Opinion Text: In his first point of error, appellant contends that trial counsel was ineffective in several ways, such as: allowing evidence of appellant's juvenile record to be admitted without objection, failing to conduct a thorough investigation prior to trial, failing to subpoena the complainant's wife, and failing to realize the discrepancy in the complainant's initial description of appellant. In order to determine whether appellant's trial counsel rendered ineffective assistance at trial, we must first determine whether appellant has shown that counsel's representation fell below an objective standard of reasonableness and, if so, then determine whether there is a reasonable probability that the result would have been different but for counsel's errors. Strickland v. Washington, 466 U.S. 668, 104 S.Ct. 2052, 80 L.Ed.2d 674 (1984); Hernandez v. State, 988 S.W.2d 770 (Tex.Cr.App.1999); Hernandez v. State, 726 S.W.2d 53, 55 (Tex.Cr.App.1986). In order to assess counsel's performance, we must make every effort to eliminate the distorting effects of hindsight, to reconstruct the circumstances, and to evaluate the conduct from counsel's perspective at the time. We must indulge a strong presumption that counsel's conduct fell within the wide range of reasonable professional assistance; and appellant must overcome the presumption that, under the circumstances, the challenged action might be considered sound trial strategy. Stafford v. State, 813 S.W.2d 503, 508 09 (Tex.Cr.App.1991).

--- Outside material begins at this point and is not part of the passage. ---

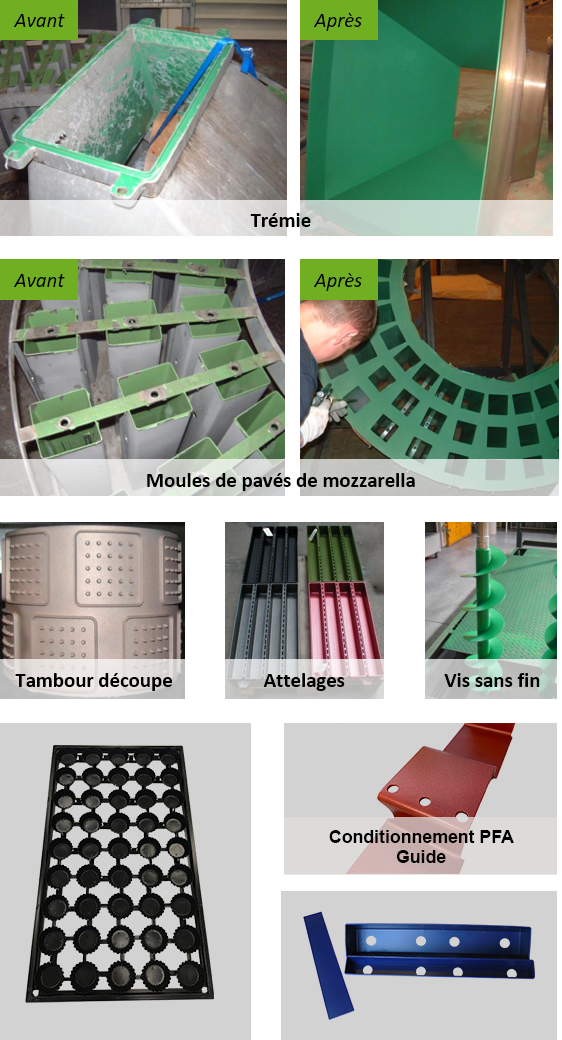 We can also address problems of sticking, abrasion, sealing, removing from moulds, contact with confectionery, bakery, patisserie, industrial seasoning, cheese, catering products, etc.

The record does show that the State used appellant's juvenile record to impeach appellant after he volunteered during cross examination that he "had never been in trouble before." Generally, evidence of a juvenile adjudication is not admissible to impeach a witness. TEX.R.EVID. 609(d). A defendant who "opens the door" to otherwise inadmissible evidence risks having that evidence admitted and used against him at trial. Feldman v. State, 71 S.W.3d 738, 755 56 (Tex.Cr.App.2002); see Delk v. State, 855 S.W.2d 700, 704 (Tex.Cr.App.), cert. den'd, 510 U.S. 982, 114 S.Ct. 481, 126 L.Ed.2d 432 (1993). In Feldman, the court upheld an inquiry into the defendant's prior "trouble," including the defendant's prior juvenile arrests. In this case, the evidence was admissible to correct the false impression left by appellant when he volunteered that he had never been in trouble before. Because the evidence was admissible, trial counsel was not ineffective by failing to object. McFarland v. State, 845 S.W.2d 824, 846 (Tex.Cr.App.1992), cert. den'd, 508 U.S. 963, 113 S.Ct. 2937, 124 L.Ed.2d 686 (1993).